> MATERIAL FOR THIS TASK
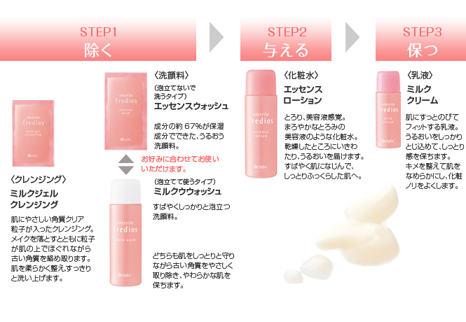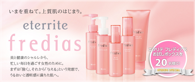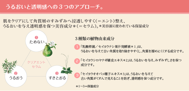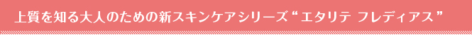 エタリテ フレディアスは、「与える」だけでなく、「除く」お手入れでも角質層にアプローチ。全アイテムに配合した3種類の植物由来成分からなる角質ケア成分「クリアエントセラム」の働きで溜まりがちな角質をケアして、うるおいと透明感に満ちた肌へと導きます。
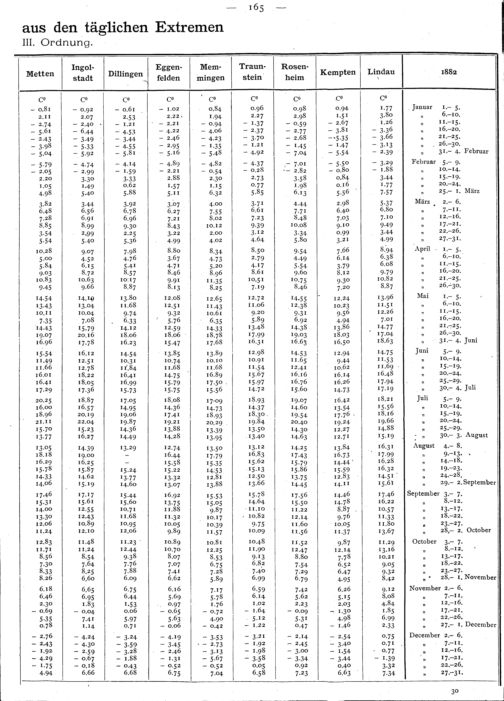 Fünftägige Temperaturmittel aus den täglichen Extremen an den Stationen III. Ord...
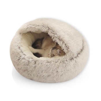 Round Plush Cat Bed with Cover – Cozy Nest for Small Dogs and Kittens
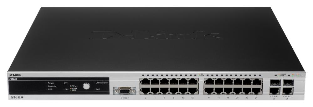 DES-3828P Управляемый коммутатор 3 уровня с 24 портами 10/100Base-TX с поддержкой PoE, 2 портами 10/100/1000Base-T и 2 комбо-портами 100/1000Base-T/SFP
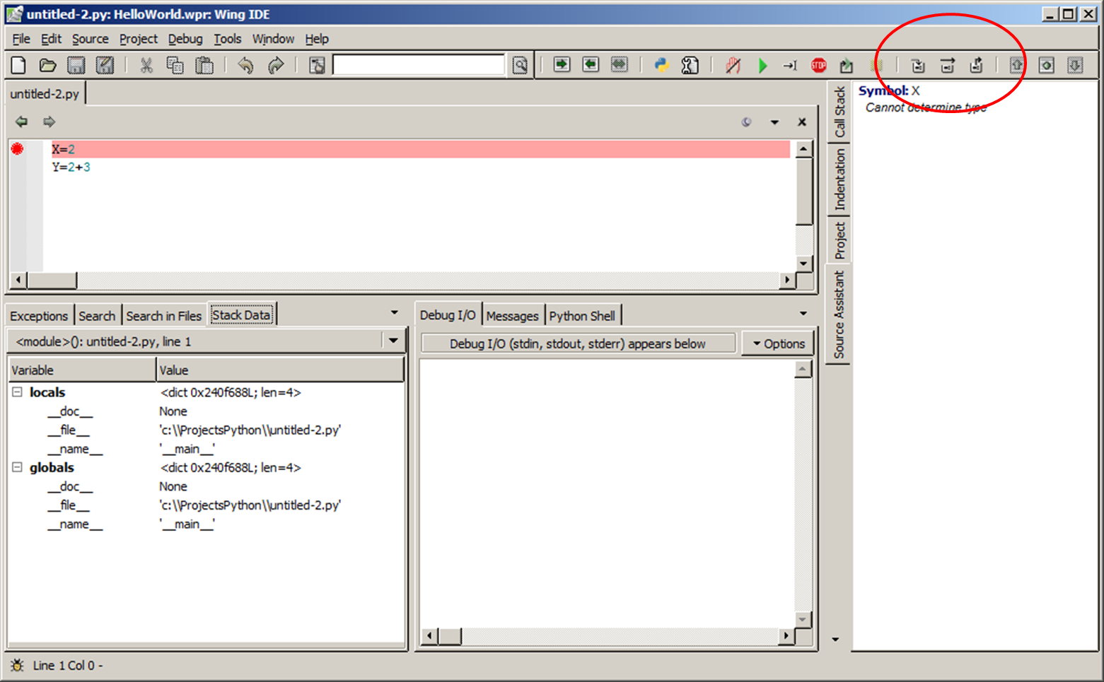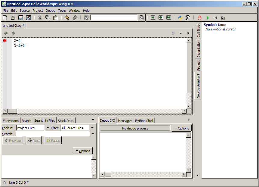 The red bar showing the next line to execute should move down to the next line. This means that Wing has executed one line of your program. Now take a look at the "Stack Data" tab and see if anything has been added. You should see your first variable appear in the "Variable" column on the left and the value you set it to in the "Values" column. Single step again to see the second variable appear and so on.
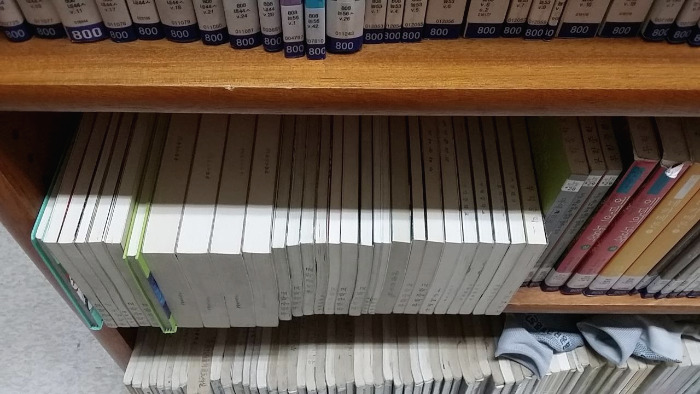 낡은 서가는 선반을 지지하는 핀이 툭하면 빠졌다. 핀이 빠지면서 선반이 기울고 그 선반에 있는 책들은 바닥으로 떨어졌다. 선반을 조금만 잘못 건드려도 책이 떨어졌다. 서가에 기대어 이야기하던 학생들은 하루 한 번은 책을 떨어뜨렸고 떨어진 책들을 대충 쌓아뒀다. 구석진 서가에 있던 학생 중에는 책등이 위로 가게 방향을 바꿔놓거나 책등이 아래로 가게 방향을 바꿔놓기도 했다. 책을 만지작거리면서 노는 학생들이었다.
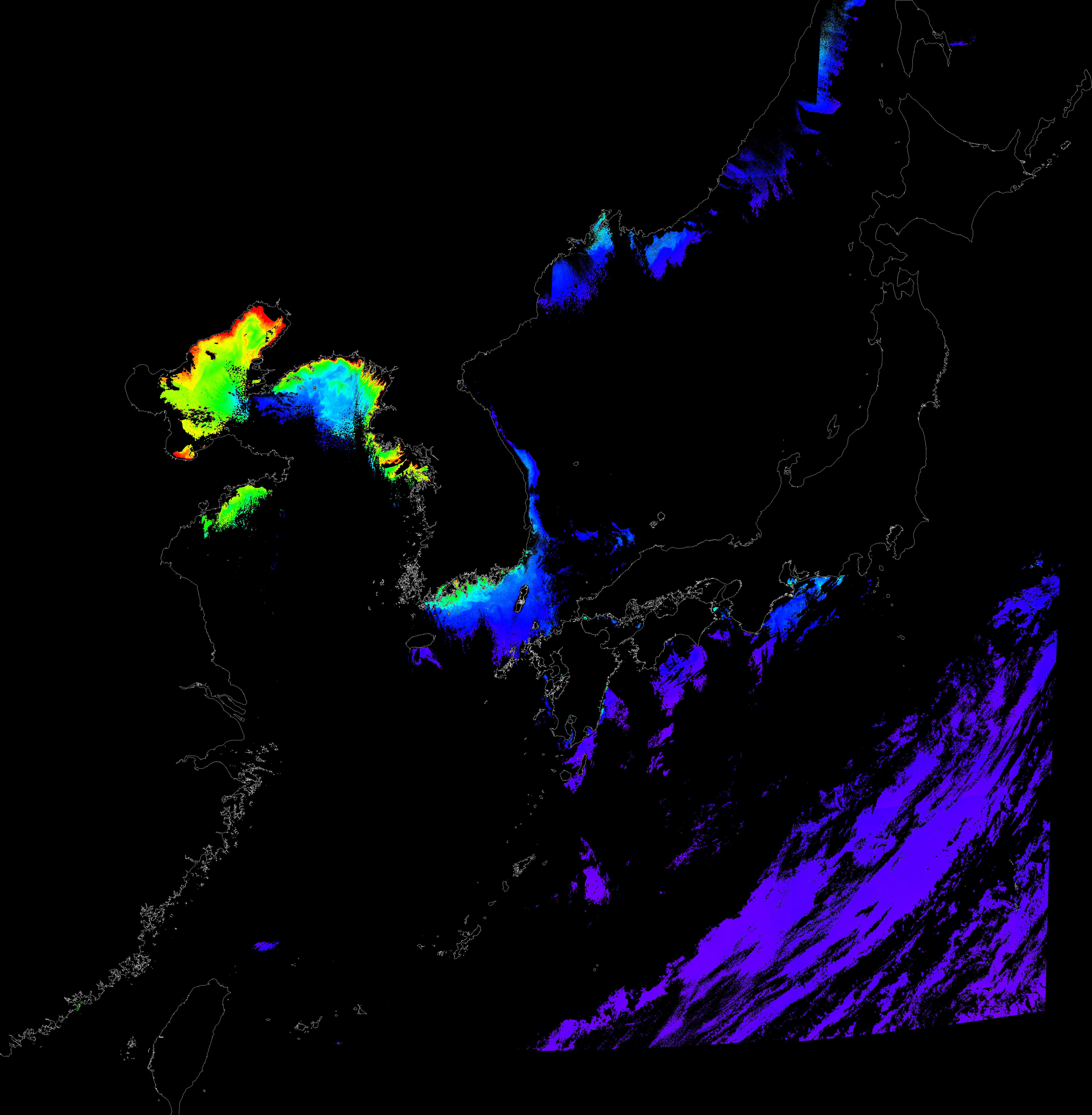 o 2016년 11월 01일 천리안 GOCI 클로로필 a 위성영상입니다.

> TASK PROMPT
Pictures are to be left out when the lines from the one containing "Round Plush Cat" through the end of the records above are repeated exactly; no other line is wanted.

> SOLUTION TO THE PROBLEM
 Round Plush Cat Bed with Cover – Cozy Nest for Small Dogs and Kittens
 DES-3828P Управляемый коммутатор 3 уровня с 24 портами 10/100Base-TX с поддержкой PoE, 2 портами 10/100/1000Base-T и 2 комбо-портами 100/1000Base-T/SFP
 The red bar showing the next line to execute should move down to the next line. This means that Wing has executed one line of your program. Now take a look at the "Stack Data" tab and see if anything has been added. You should see your first variable appear in the "Variable" column on the left and the value you set it to in the "Values" column. Single step again to see the second variable appear and so on.
 낡은 서가는 선반을 지지하는 핀이 툭하면 빠졌다. 핀이 빠지면서 선반이 기울고 그 선반에 있는 책들은 바닥으로 떨어졌다. 선반을 조금만 잘못 건드려도 책이 떨어졌다. 서가에 기대어 이야기하던 학생들은 하루 한 번은 책을 떨어뜨렸고 떨어진 책들을 대충 쌓아뒀다. 구석진 서가에 있던 학생 중에는 책등이 위로 가게 방향을 바꿔놓거나 책등이 아래로 가게 방향을 바꿔놓기도 했다. 책을 만지작거리면서 노는 학생들이었다.
 o 2016년 11월 01일 천리안 GOCI 클로로필 a 위성영상입니다.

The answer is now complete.